= What is being asked =
Could you restate word for word only the lines below from the one holding "Personalised Rainbow Bridge" to the one holding "Die personalisierte Foto", inclusive, and leave out the pictures?

= Entries supplied =
════════════════
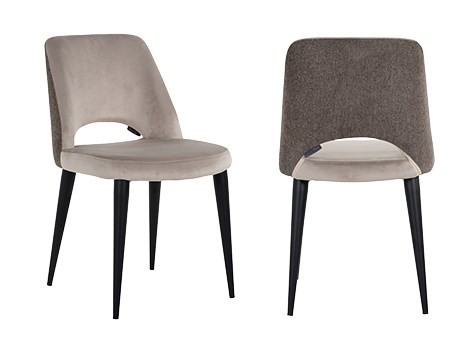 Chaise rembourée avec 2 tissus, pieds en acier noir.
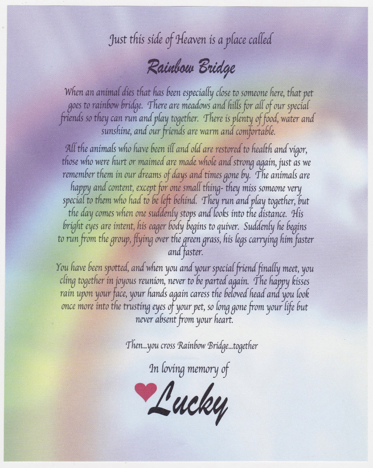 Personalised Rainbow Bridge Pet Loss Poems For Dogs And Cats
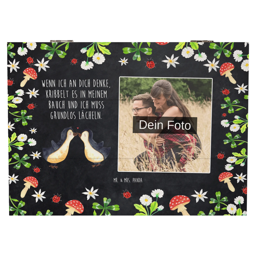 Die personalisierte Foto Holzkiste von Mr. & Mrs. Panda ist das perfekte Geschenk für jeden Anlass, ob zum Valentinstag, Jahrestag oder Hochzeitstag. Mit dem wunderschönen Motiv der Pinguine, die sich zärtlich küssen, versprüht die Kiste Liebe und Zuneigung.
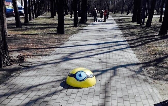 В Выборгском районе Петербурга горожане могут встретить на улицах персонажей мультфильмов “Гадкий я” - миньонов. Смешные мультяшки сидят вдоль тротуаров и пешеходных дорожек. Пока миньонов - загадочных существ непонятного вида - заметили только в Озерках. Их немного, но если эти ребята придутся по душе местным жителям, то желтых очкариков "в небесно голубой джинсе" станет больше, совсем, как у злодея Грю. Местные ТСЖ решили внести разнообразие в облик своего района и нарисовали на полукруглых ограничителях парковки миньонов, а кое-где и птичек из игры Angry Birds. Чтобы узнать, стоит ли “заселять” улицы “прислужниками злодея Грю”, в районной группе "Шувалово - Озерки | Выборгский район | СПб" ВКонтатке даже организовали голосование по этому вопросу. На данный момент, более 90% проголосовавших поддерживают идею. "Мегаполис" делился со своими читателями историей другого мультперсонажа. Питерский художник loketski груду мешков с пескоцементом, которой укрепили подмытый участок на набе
════════════════
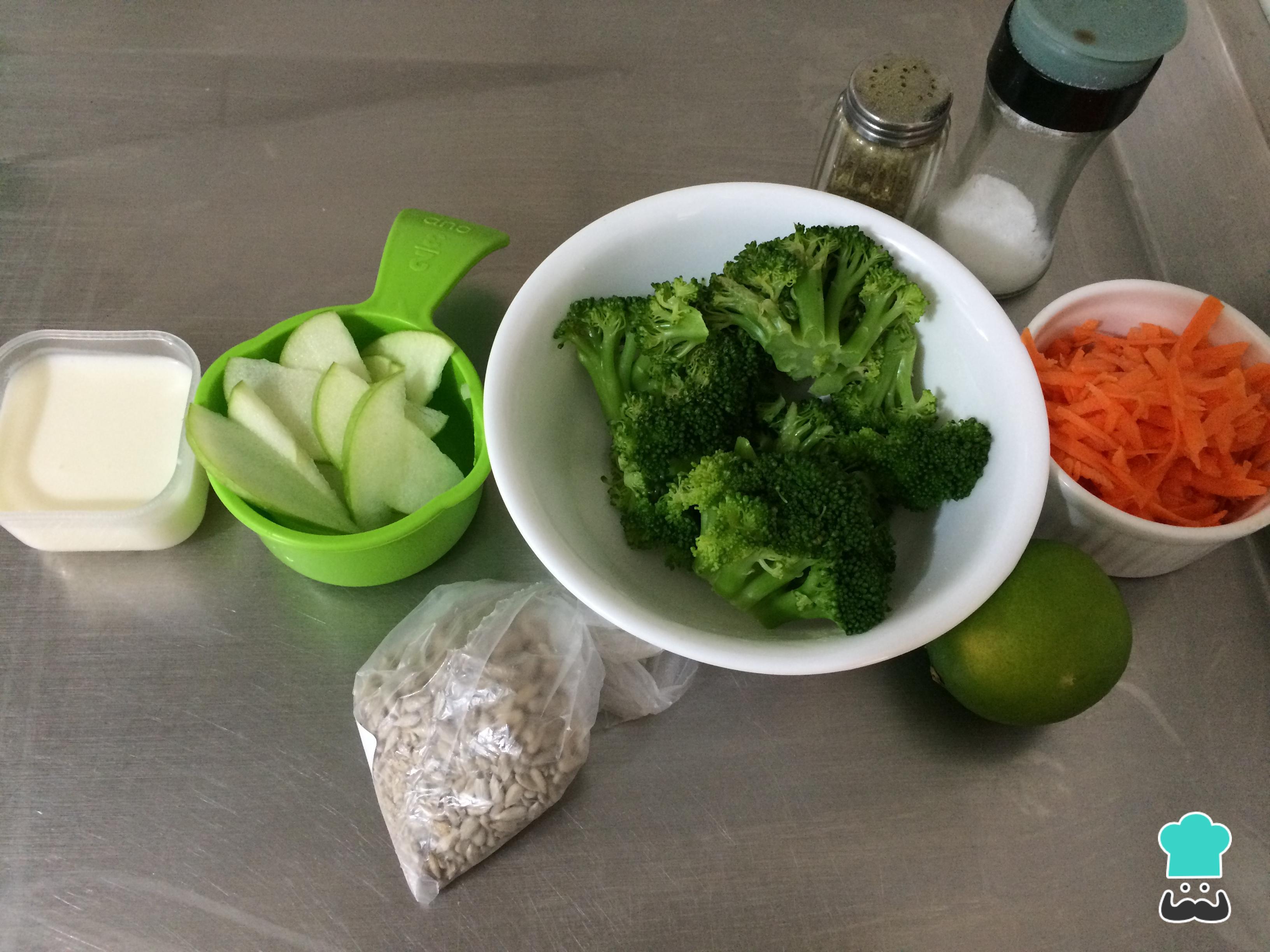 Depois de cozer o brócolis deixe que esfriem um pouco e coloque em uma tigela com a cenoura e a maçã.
════════════════
= Task solution =
 Personalised Rainbow Bridge Pet Loss Poems For Dogs And Cats
 Die personalisierte Foto Holzkiste von Mr. & Mrs. Panda ist das perfekte Geschenk für jeden Anlass, ob zum Valentinstag, Jahrestag oder Hochzeitstag. Mit dem wunderschönen Motiv der Pinguine, die sich zärtlich küssen, versprüht die Kiste Liebe und Zuneigung.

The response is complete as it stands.